→ Task goal:
Please reproduce, exactly as given, the lines running from the start of the data to the line containing "- Responda às", inclusive, and omit the pictures.

→ Supplied material:
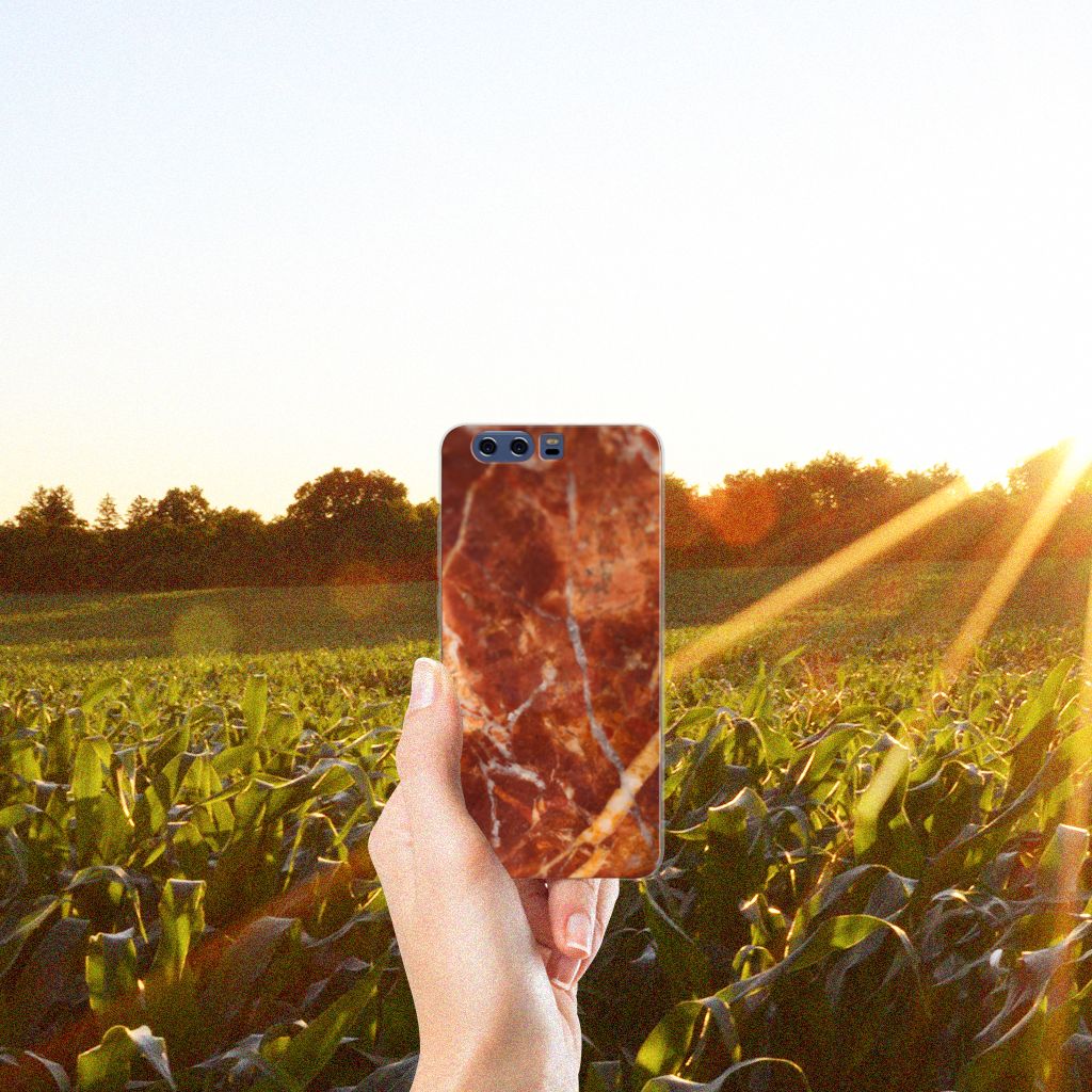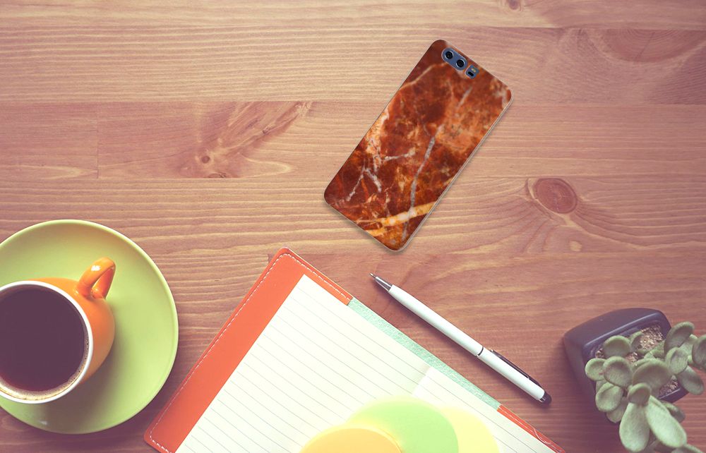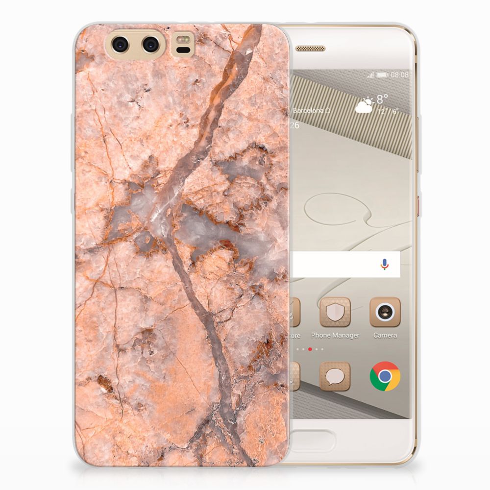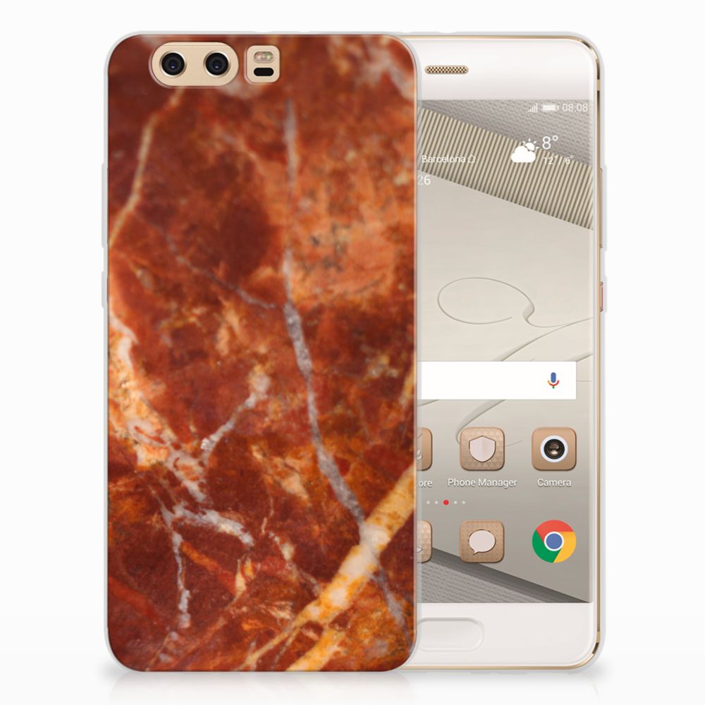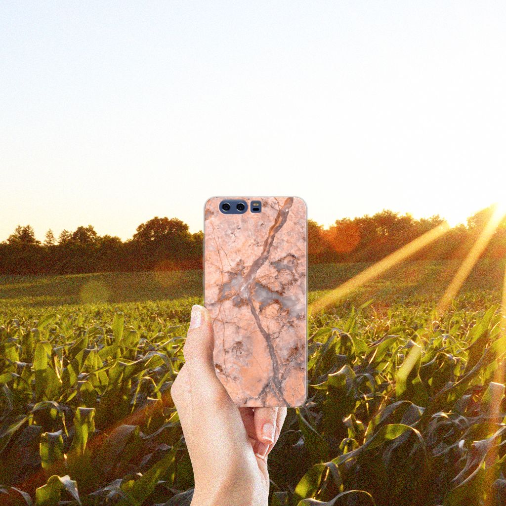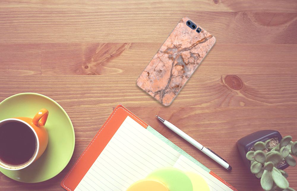 Huawei P10 Plus TPU Siliconen Hoesje Marmer Oranje
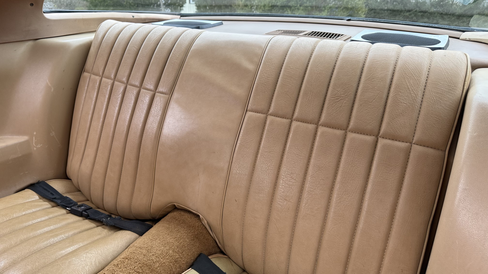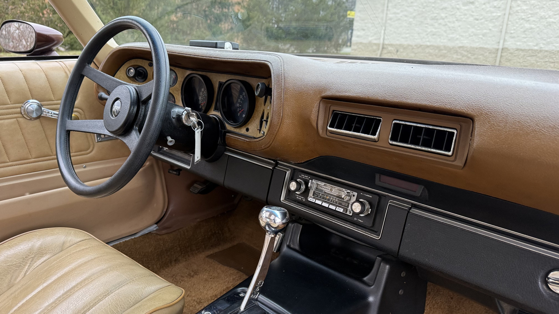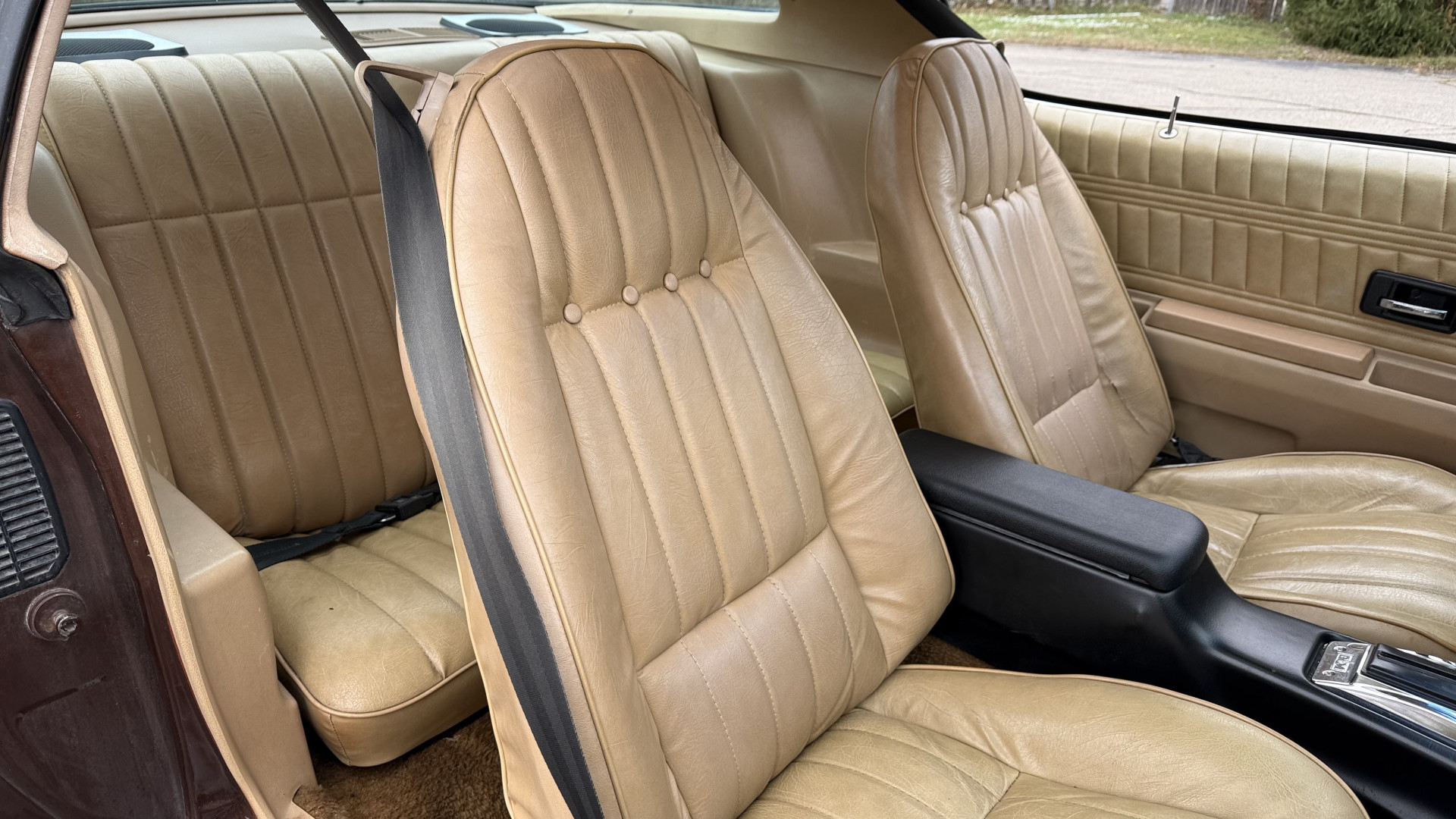 The Tan vinyl interior of this Z28 is mostly stock and in really good overall condition. The original seat covers are nice with no excessive wear or rips. The original carpet is in great shape with no major stains, rips, or holes. The original dash is in good condition and the dash bezel is in great condition. The stereo was upgraded to a cassette player and sounds good with 4 upgraded speakers. The original door panels are in great condition and both door pulls are solid and in tact. The headliner and package tray are both in excellent shape. All interior and exterior lights and gauges work as they should. The horn, stereo, wipers, and blower motor all work. This car has not been smoked in; there is no aroma what so ever.
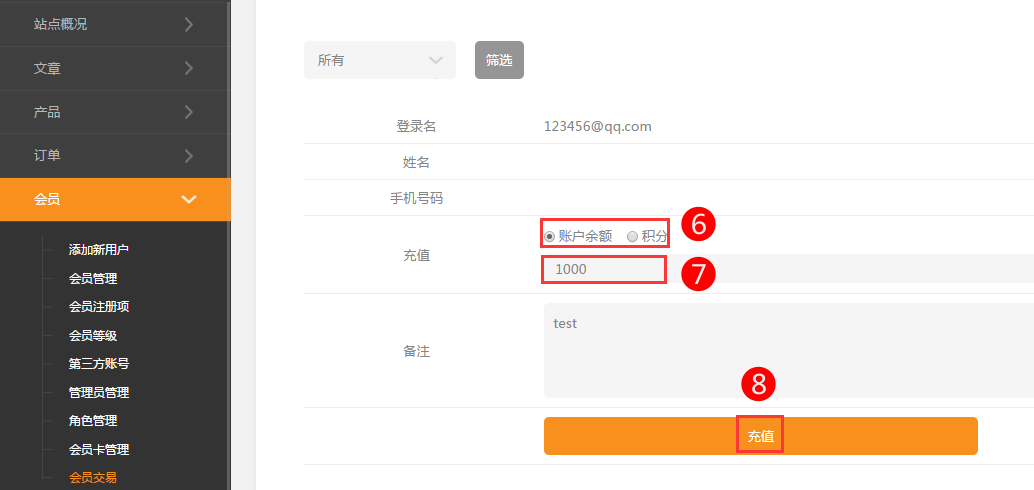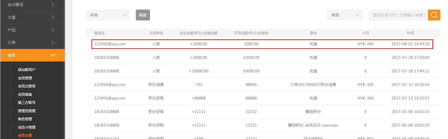 3,充值成功的記錄如下圖所示,【會員消費(fèi)】與【會員充值】同理
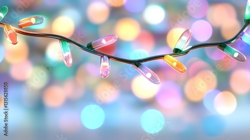 Festive holiday lights twinkle against a bokeh background, used for seasonal decorations
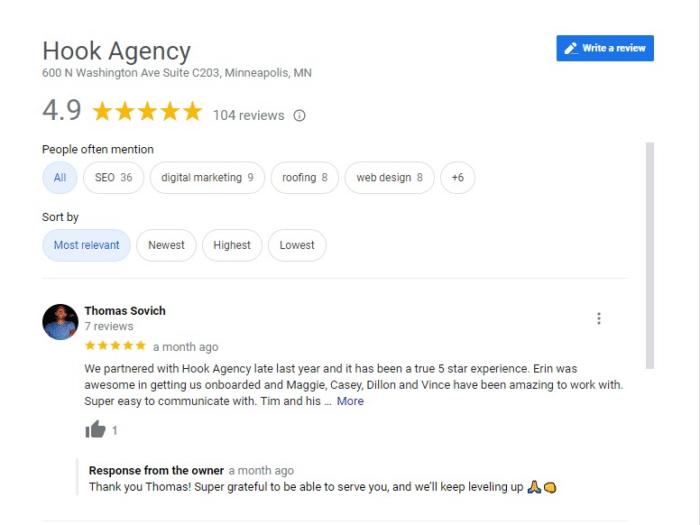 - Responda às avaliações dos clientes : interaja com seus clientes respondendo às avaliações positivas e negativas. Isso mostra que você valoriza o feedback deles e está comprometido em fornecer um serviço excelente.
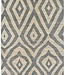 Dominating the rug's design is a series of bold black diamonds, meticulously woven to form a striking geometric pattern. These diamonds, with their crisp lines and strong contrasts, add a dynamic and modern edge to the rug, creating a visual rhythm that captivates the eye.
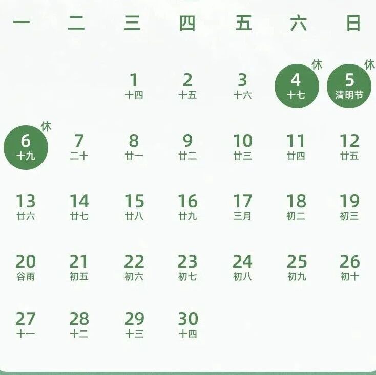 4月4日(周六)至6日(周一)放假
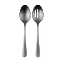Give your serveware collection a refresh with this Food Network Flat Iron serving spoon and slotted spoon set.
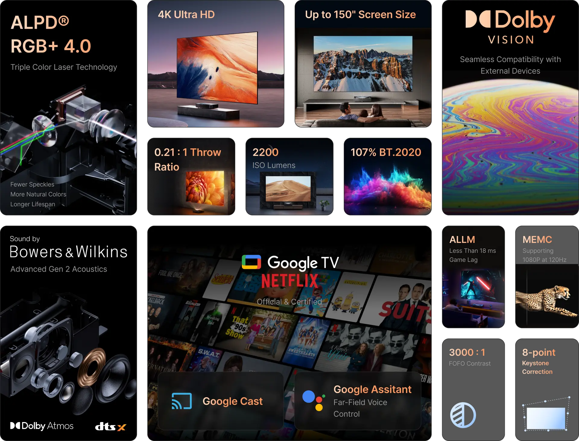 Theater Premium features a standout throw ratio of 0.21:1. This allows you to enjoy the same large screen from 18% closer, or upgrade to a screen that’s 40% bigger without moving the projector for a 100-inch projection, making it easier than ever to create a stunning cinematic experience at home.
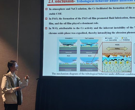 中国科学院宁波材料所碳基薄膜与涂层技术研究团队的博士后李昊博士、博士研究生周小卉参加了此次会议, 并分别做了题为“Structure Design and Degradation Mechanism of Amorphous Carbon Coatings on Metallic Bipolar Plates”和“Cr Doping Modification for Tribological Behavior of Cr/a-C Multilayer Coatings against PEEK under Diverse Operational Conditions”的口头英文报告。重点介绍了团队在双极板表面改性涂层及非晶碳摩擦学等方面的最新进展,获得了与会代表的浓厚兴趣和讨论交流。此外,会议期间,成员一行与团队长期合作者-韩国科学技术研究院的Kwang-Ryeol Lee研究员就双方合作主题、未来进一步工作目标和方案等,进行了深入探讨。
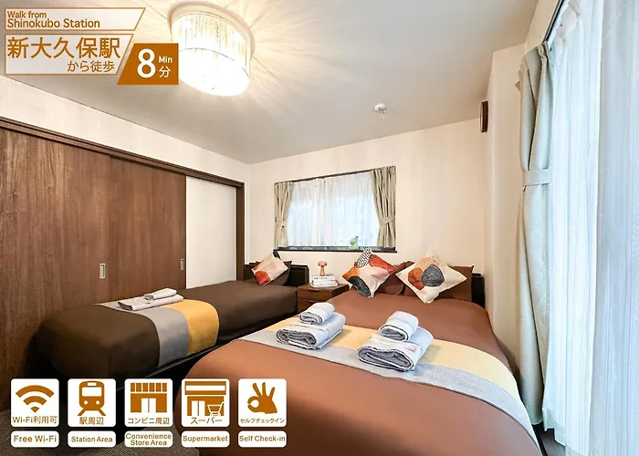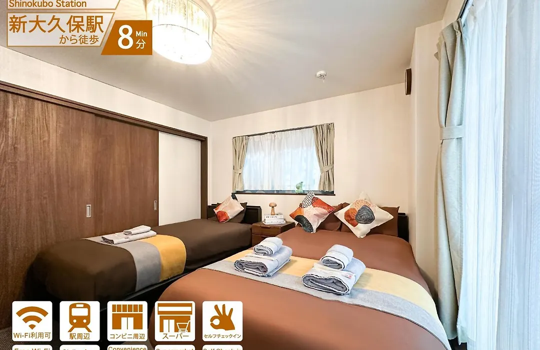 Omotenashi Villa Shinjukuは快適な滞在のために個別のエアコン、室内金庫とパノラマ式の窓が完備された部屋等を提供しています。 客室にはプライベートなバスルームが付いています。 また、柔らかいバスローブ、バスシートとスリッパも利用できます。
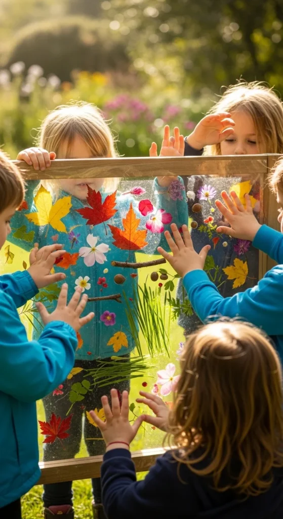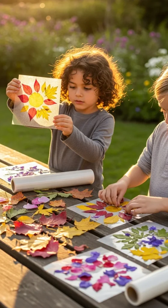 A sticky nature wall is perfect for toddlers and younger children because it is simple, sensory, and very open-ended. Tape a sheet of clear contact paper to a wall, fence, easel, or cardboard board with the sticky side facing out. Then let kids press leaves, petals, grasses, feathers, and tiny flat natural items onto it however they want. This works well because there is no right or wrong way to do it. Children can make pictures, patterns, or just enjoy the feeling of sticking things down. It is also a lower-mess option than paint, which makes it useful for outdoor playdates or quick backyard activities. A budget-friendly tip is to use one large sheet for several kids at once so they can work side by side. If materials are limited, turn the gathering stage into a scavenger hunt first. This craft is especially helpful for short attention spans because kids can join in for a few minutes, leave, and come back later. The final sticky collage often looks bright and textured, and the process feels just as fun as the result.

→ Task solution:
 Huawei P10 Plus TPU Siliconen Hoesje Marmer Oranje
 The Tan vinyl interior of this Z28 is mostly stock and in really good overall condition. The original seat covers are nice with no excessive wear or rips. The original carpet is in great shape with no major stains, rips, or holes. The original dash is in good condition and the dash bezel is in great condition. The stereo was upgraded to a cassette player and sounds good with 4 upgraded speakers. The original door panels are in great condition and both door pulls are solid and in tact. The headliner and package tray are both in excellent shape. All interior and exterior lights and gauges work as they should. The horn, stereo, wipers, and blower motor all work. This car has not been smoked in; there is no aroma what so ever.
 3,充值成功的記錄如下圖所示,【會員消費(fèi)】與【會員充值】同理
 Festive holiday lights twinkle against a bokeh background, used for seasonal decorations
 - Responda às avaliações dos clientes : interaja com seus clientes respondendo às avaliações positivas e negativas. Isso mostra que você valoriza o feedback deles e está comprometido em fornecer um serviço excelente.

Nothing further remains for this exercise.